I avoided alcohol completely until roughly 20 weeks with my two (except for a quarter of a glass of champagne on my 30th birthday, when I was 12 weeks with no. 2), and then had a very small glass of wine every 2 or 3 weeks. That level of consumption seemed to me to be one I could be confident beyond reasonable doubt wouldn't affect my baby. And that's the key: I felt comfortable with it. Some will make a reasonable judgement that more is OK, some will prefer not to drink altogether. I think that possibly a good rule to go by is that in pregnancy alcohol should be the 'exception' rather than the 'rule' - so I would feel uncomfortable with the 'most nights' stated in the OP - and never taken far enough to induce actual drunkenness.

LeBFG Wed 06-Feb-13 13:04:36

Here is a little summary of the paper about light/moderate drinking and baby IQ. It is only one study and it was recently published. I live in France where the advice is ZERO alcohol. The NHS advice is given because, when they drew up the guidelines, there was no proof of harm - no proof isn't the same thing as no harm however and the new research shows some women are much more vulnerable to the effects of alcohol. Do you want to wait until the guidelines are updated?
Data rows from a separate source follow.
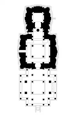 According to the art historian Adam Hardy, the temple illustrates the "Later Chalukya architecture, mainstream Lakkundi school of mid-11th century with late 11th century superstructure (shikhara)".[11] The temple has single shrine (ekakuta) connected to a closed mantapa hall via a vestibule (sukanasi or ardhamantapa) that is connected to another, open mantapa.[12] This temple is one of the fine illustrations of the Western Chalukya architecture.[13][14] The temple has a garbhagriha, an antarala, a closed navaranga mandapa, and an open pillared mukha-mandapa. Over the garbhagriha is the three storeyed nirandhara vimana with a square griva and sikhara.[9] Above the cornice of these arched niches at regular intervals is a seated Jaina figure. The ceilings are plain and pillars are well decorated. The open mandapa is supported by 32 pillars and pilasters.[3]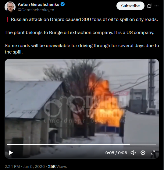 Russian attack on Dnipro caused 300 tons of oil to spill on city roads.The plant belongs to Bunge oil extraction company. It is a US company.Some roads will be unavailable for driving through for several days due to the spill.https://x.com/Gerashchenko_en/status/2008182915923144822?s=20>5thhttps://litter.catbox.moe/1wk5te0jgz1k4pzu.mp4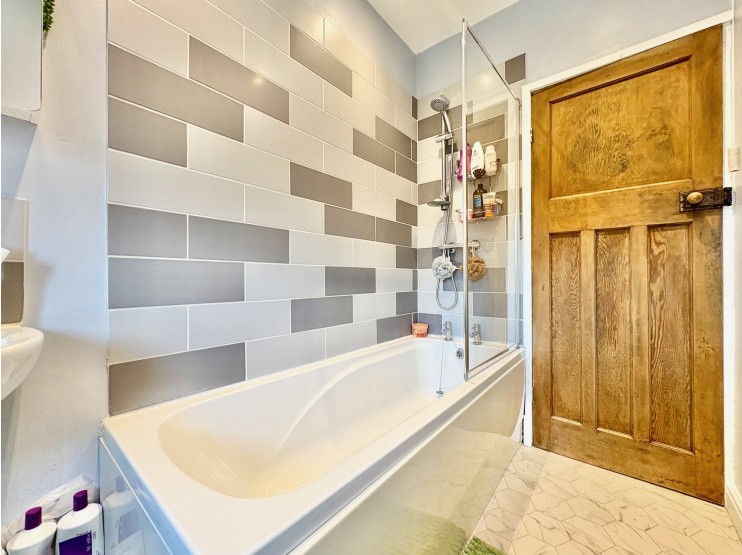 Bathroom – fitted with a white suite to include panelled bath and mains shower over, pedestal wash hand basin and WC. There is complementary wall tiling, neutral flooring, chromed ladder radiator and rear facing obscure glazed window.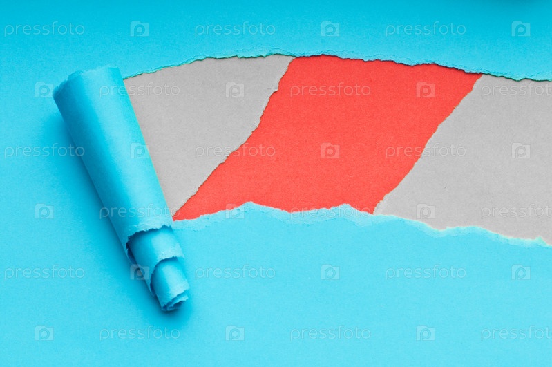 Рваная синяя бумага на серо-красном фоне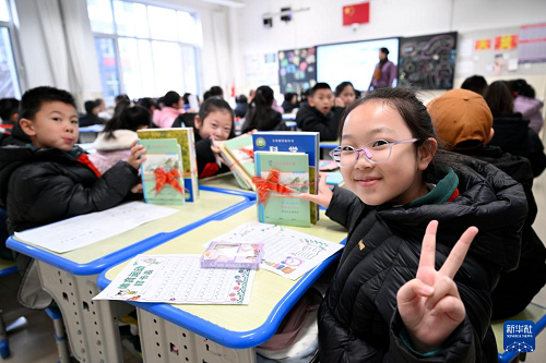 2月16日,宁夏银川市兴庆区实验二小学生在展示领到的新课本。(新华社记者 王鹏 摄)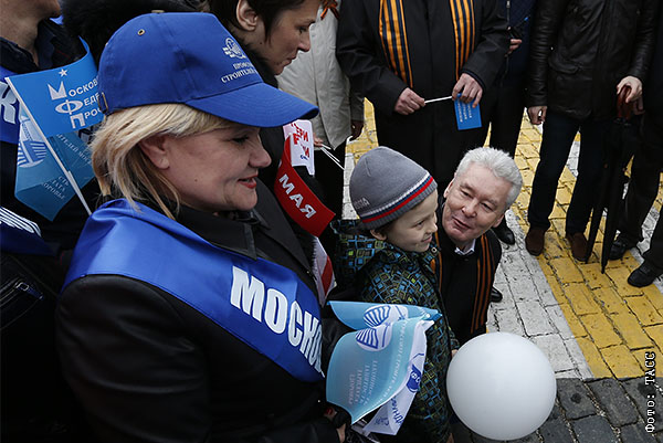 Мэр Москвы Сергей Собянин во время шествия профсоюзов на Красной площади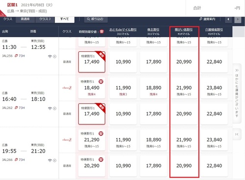 6月最初の月曜日、6/7の日本航空、広島発、東京行きの最安値は、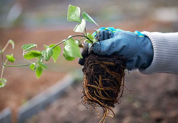 - 잘라낸 부분을 땅에 묻어 마디가 반쯤 흙으로 덮이도록 합니다.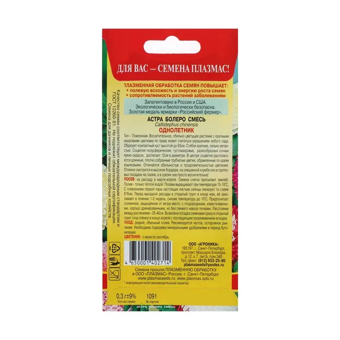 Семена Астра ""Болеро"" имеют широкую цветовую гамму, которая включает в себя различные оттенки красного, розового, фиолетового, белого и желтого цветов. Они также различаются по форме цветка - от простых до махровых, что позволяет создавать разнообразные композиции.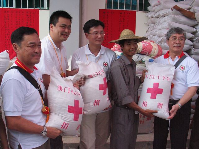 2007/7/31 Dr. Chou Kuok-Hei, President of the Directive Council, Mr. Quin Va, Vice President of the Directive Council and Mr. Lau Veng Lin, member of the Central Council, Macau Red Cross at a relief aid distribution event in Yunnan province -- 1.jpg

Posters have already pointed out risks and assessing whether they should take them. I personally think it crazy that people won't give babies honey or eat pate when they eat pre-prepared sandwiches and drink a couple of small glasses of wine a week whilst pg.

crumbs I didn't accuse you of name calling. I did suggest you were coming off as judgmental.
I can't be arsed with this thread any more - I'm neither hypocritical nor judgemental but I do feel people come under fire and are accused of "putting their unborn child at risk" for very little reason - like women don't give themselves a hard enough time in the first place.
Have a nice day!

JiltedJohnsJulie Wed 06-Feb-13 13:05:37

lady again that's exactly how I look on it too, I weighed up the risks and made my own decision and wasn't really concerned with what others do. Normally I'm over cautious with everything pg, baby and Child but did have a couple of drinks both times in pg smile

Just in case anyone was thinking of bfing and was wondering if alcohol is ok it's fine in moderation, see here

JiltedJohnsJulie Wed 06-Feb-13 13:16:32

Interesting article, thank you leBfg. I'd be interested in reading this in more detail if you have the links smile

LeBFG Wed 06-Feb-13 13:20:41

Are we reading the same webpage Julie? The Kellymom link gives a summary of different results - 1+ drink a day is moderate drinking in my book and has been associated with a decrease in gross motor development. Plus co-sleeping + drinking has been shown as a SIDS risk factor, not something easy to measure physiologically.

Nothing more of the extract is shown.